Ochthephilus Mulsant & Rey, 1856

Ochthephilus Mulsant & Rey, 1856 View in CoL

Ochthephilus Mulsant & Rey, 1856a: 1 View in CoL ; type species: Ochthephilus flexuosus Mulsant & Rey, 1856 (by monotypy). – Ancyrophorus Kraatz, 1857: 886 View in CoL ; type species: Trogophloeus omalinus Erichson, 1840 View in CoL (subsequent designation by Thomson, 1859: 44). – Misancyrus des Gozis, 1886: 15; type species: Ancyrophorus emarginatus Fauvel, 1871 View in CoL (original designation). – Psilotrichus Luze, 1904: 69 ; type species: Psilotrichus elegans Luze, 1904 (by monotypy). – Ochthephilinus Eichelbaum, 1915: 104; type species: Ochthephilus flexuosus Mulsant & Rey, 1856 (objective synonym of Ochthephilus View in CoL ). – Stictancyrus Scheerpeltz, 1950: 65; type species: Trogophloeus flexuosus Fairmaire & Laboulbène, 1856 View in CoL [syn. of Ochthephilus flexuosus Mulsant & Rey, 1856 ] (original designation).
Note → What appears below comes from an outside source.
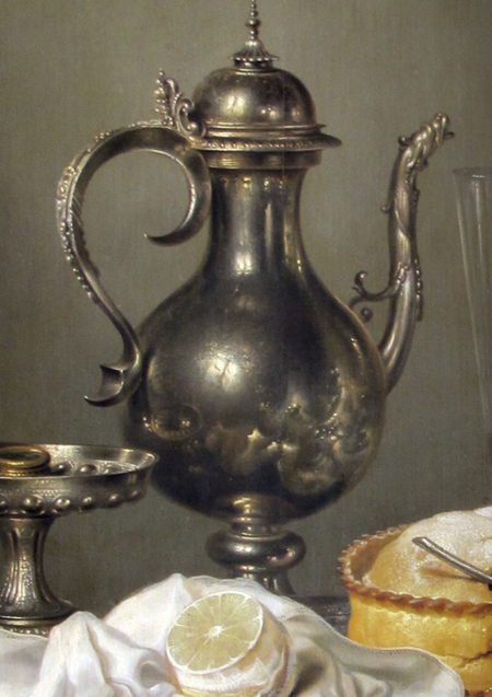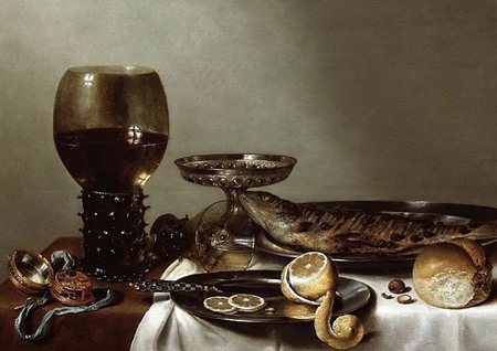 Предметы на натюрмортах лежат хаотично. Например, на работе Виллема Класа Хеда «Натюрморт с серебряным кубком» мы видим небрежно лежащий бокал, который словно случайно попал в тарелку с ещё недоеденным пирогом. Художник передаёт объём предметов, прописывает детали, что делает фрагменты реалистичными. Недопитый бокал на «Натюрморте с серебряной вазой и часами» также выглядит словно настоящий, а рядом лежащая недоеденная закуска в виде оливок доказывает, что трапеза была начата, но еще не закончена.

DIAGNOSIS: Ochthephilus can be recognized by a characteristic “anchorshaped” ridge on the pronotum – in most species well-formed, in a small minority partial. Terminal segment of maxillary palpus quite large and elongate with asymmetrically swollen base, the filamentous sensory structures lay over the swollen side (Figs 32-33). Elytral setation rather short and in most species quite regular. Can be confused (by superficially similar pronotal sculpture) with some Thinodromus species but those either occur in South America or their abdomen posteriorly narrowing more strongly, tarsi shorter (basal three articles compressed); also the formation of tergite VIII in Thinodromus is different, as well as the terminal segment of maxillary palpus.

DESCRIPTION: Small to medium-sized (2. 0-5.3 mm), usually dark brown to black (Figs 481-482), but some species at least partially reddish (Figs 429-430) or peculiarly light coloured, pale brownish-yellowish (Figs 47-48). Body somewhat depressed, moderately densely to densely pubescent, setae regularly spaced and sized in the majority of species. Temples usually moderately well developed, not differing between sexes (no macrocephaly). Head usually smaller (and certainly less broad) than pronotum, latter gently to moderately transverse, posterior corners well-formed, obtuse-angled, but sometimes nearly right-angled. Elytra parallel-sided (only slightly broadening posteriorly), shoulders usually well-developed. Setation in most species regularly spaced and sized, much more so than on head and pronotum. Sutural and outer posterior corners narrowly rounded (except in a few species also with dense, irregularly sized and spaced elytral setation). Abdominal segments moderately shiny with microsculpture and scattered punctation not too conspicuous, only a few species with longer setae on tergites.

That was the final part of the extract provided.